For Chai, recovering from the Void Sickness was about as unpleasant as a bad hangover. He had kind of seen it coming; this was the second time he had experienced the Void Sickness, and although he retained very few memories of the original event, he did recall the last few hours of it. Then, like now, there had been a rapid shortening of his ability to see the grand scheme, the pattern between patterns, the path that the Void itself seemed to want to place him on. Then, like now, it had come with something like an admission of defeat, a solemn sense that there was more work to do, but that his time as a tool of the grand cosmos was over.

Every Voidling Chai had talked to had the same sense about their time in the Sickness--that it was deliberate, that some being chose some Void-talented mages to walk the world and resolve problems. Still, nobody seemed to understand who--not the Order, not the few gods he had consulted with, not even the Patron of the order, who was something of a mystery... or at least, according to Master Marion, the Patron had no idea; Chai had never met that person himself. For him personally, Chai felt that like the path itself, the source of the Sickness seemed to be a thin thread winding through the cosmos, one which couldn't be pinned down to one place or another. When he reached towards it, even given all of the abilities the sickness itself granted, it was more like his reaching arm was already part of the source of the power, rather than getting even an inch closer to something distant.
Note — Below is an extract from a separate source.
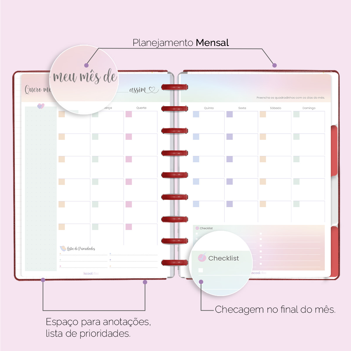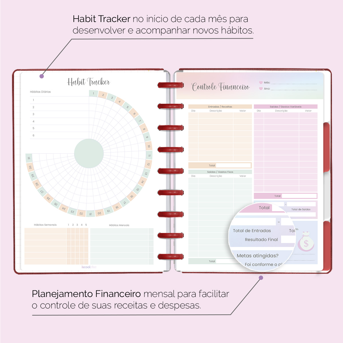 No início de cada mês, há um planejamento mensal, facilitando visualmente as suas principais anotações, um "Habit Tracker" para você desenvolver novos hábitos ou controlar os mais importantes, e ainda um planejamento financeiro, facilitando o controle das suas receitas e despesas, além de inúmeras outras funcionalidades.
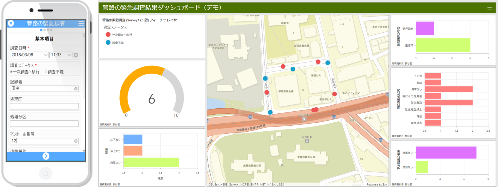 管路の緊急調査 (Survey123 版) テンプレートは ArcGIS ポータル (ArcGIS Online) を利用する現地調査ソリューションのテンプレートです。このテンプレートを利用することで、スマートフォンやタブレットなどのデバイスを用いて管路の緊急調査を行い情報を収集することができます。

Alas, now was not the time for Chai to sit and contemplate the riddles magic and creation. He simply preferred to ascribe the sickness to Genesis Herself, the universe acting of its own volition.

His head wasn't really clear when he finally had to call an end to the rest stop and get everyone moving. His senses, if anything, were more muddy than they had ever been; he was exhausted, and his brain simply didn't have any strength left to offer. A lesser mage would have preferred to use the Stomach Gift and recharge their body with a set of pills, but Voidlings, alas, were too sensitive. Using the Magic Gifts would heal him, yes, but they would immediately throw off his elemental balance, and it might take days or weeks to regain it. Powerful tools, they were, but very blunt instruments.

Still, the Sickness had provided him with a very detailed look at the world as it was just a few minutes ago. He knew the layout of the house, what Amon's plans were, and Janinda's, what the Nightmare was intending to do, and roughly what was on its mind as it planned its revenge.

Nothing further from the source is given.